Lembra quando o single de Stairway to heaven vendeu pra burro e até tocou bastante em rádio no Brasil? Pois bem: isso não aconteceu com o Led Zeppelin, e sim com uma banda dos anos 1980, que não tinha nada a ver com eles. Era o Far Corporation.

Hoje é difícil achar quem se recorde do Far Corporation, que na real nem era uma banda de verdade. De fato, era um projeto musical de proveta, meio rock farofa, bolado pelo cara que criou o Boney M e o Milli Vanilli, o produtor alemão Frank Farian. Mais do que acostumado a lidar com projetos de estúdio (isso quando não botava um grupo de dançarinos para fingir que cantava e tocava, como público e notório), Farian havia juntado em 1985 um bando de feras do rock – incluindo integrantes do Barclay James Harvest e até do pouco conhecido grupo new wave inglês Force Majeure. Além de uma rapaziada ligada ao próprio Boney M.

Essa turma toda gravou uma releitura de Mother and child reunion, de Paul Simon, num single de caridade. O disquinho fez sucesso, saiu em vários países e, na Europa, em vários cantos, alcançou o Top 10.

Na época, o tal projetinho ainda se chamava Frank Farian Corporation. O nome Far Corporation surgiu só quando o produtor decidiu regravar Stairway to heaven, no fim de 1985, com o grupo acrescido de músicos do Toto – entre eles o guitarrista Steve Lukather e o cantor Bobby Kimball. Deu certo a ponto da canção chegar à posição 86 do Billboard Hot 100, feito que nem mesmo o Led Zeppelin conseguiu. Até porque, na versão dos autores, a música nem sequer foi lançada como single.

LIVE AID

Não custa dizer que 1985 poderia ser o melhor ou o pior ano para se recordar um clássico do Led, dependendo apenas do ponto de vista. Em 13 de julho daquele ano, metade da banda tinha voltado do nada para dar um show caótico no Live Aid, com Phil Collins e Tony Thompson na bateria, e Paul Martinez no baixo.

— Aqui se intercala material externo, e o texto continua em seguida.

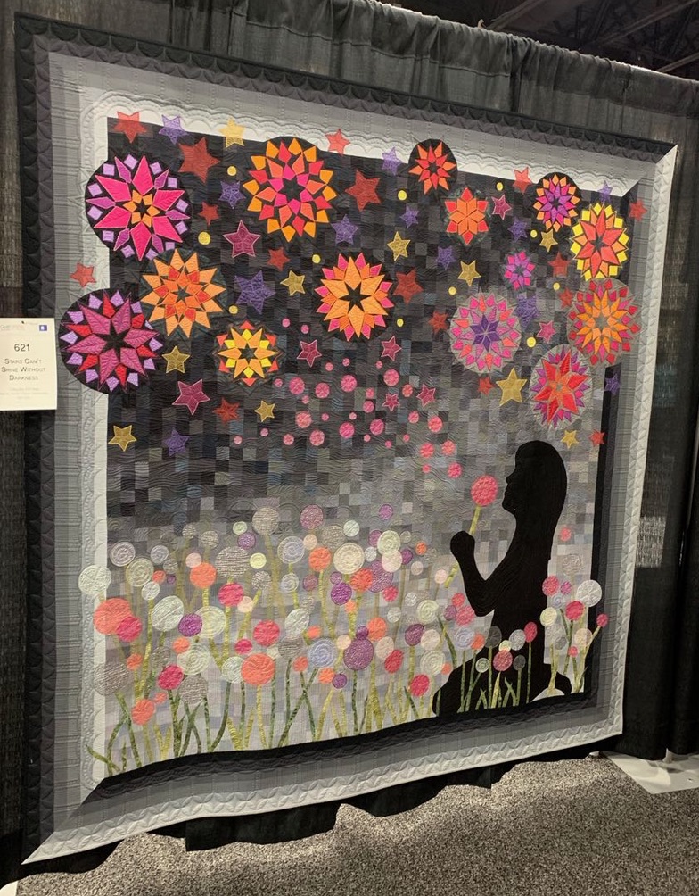 Stars Can’t Shine Without Darkness was created by Claudia Scheja and honors her daughter who was born with a brain tumor and only lived for a few short weeks. Claudia's quilt honors her 25 years later and reminds her of her angel in heaven. It is a loving tribute by a skilled quilter.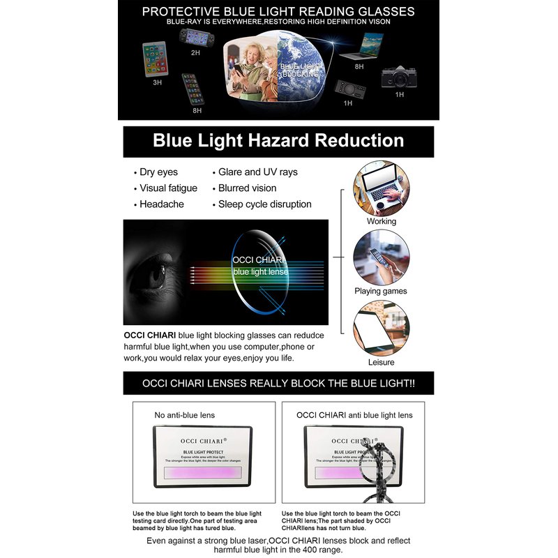 - Blue light blocking glasses women: A-class Blue light Gaming glasses women can cut most of blue light. The blue light lens can improve contrast, reduce chromatic aberrations, restore true colors. Relieving your eye strains and headache for reading, watching TV, gaming, using computer or mobile phone.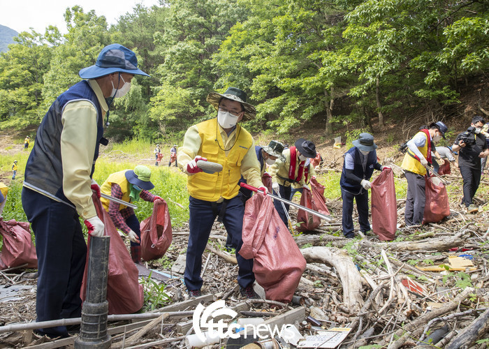 | ▲ 홍정기 환경부 차관(앞줄 왼쪽 두 번째)이 지난해 6월 충북 옥천군 대청댐 인근 하천변에서 장마철 대비 쓰레기 집중정화주간을 맞아 사회적협동조합 금강 조합원들과 함께 쓰레기 수거활동을 하고 있다. (자료사진=환경부 제공) |

Só sendo muito fã do LZ para considerar que o grupo voltou batendo um bolão. A banda estava perdida, Jimmy Page parecia aéreo na guitarra e estava claro que tinha havido pouco ou nenhum ensaio com os dois bateristas. Evidentemente, Stairway to heaven estava no setlist do grupo.

No festival, o grupo soava como uma atração nostálgica, emparedada entre várias novidades, numa época em que boa parte dos fãs de rock só tinha ouvidos para o pós-punk e para os novos sons do rock alternativo. De qualquer jeito,o disquinho do Far Corporation deu uma recordada na canção do Led e apresentou a canção para um público novo. O grupo ainda lançou um disco, Division one, em 1985, que trazia uma cover de Fire and water, do Free. E chegou a gravar um outro, Advantage, em 1987, que não saiu.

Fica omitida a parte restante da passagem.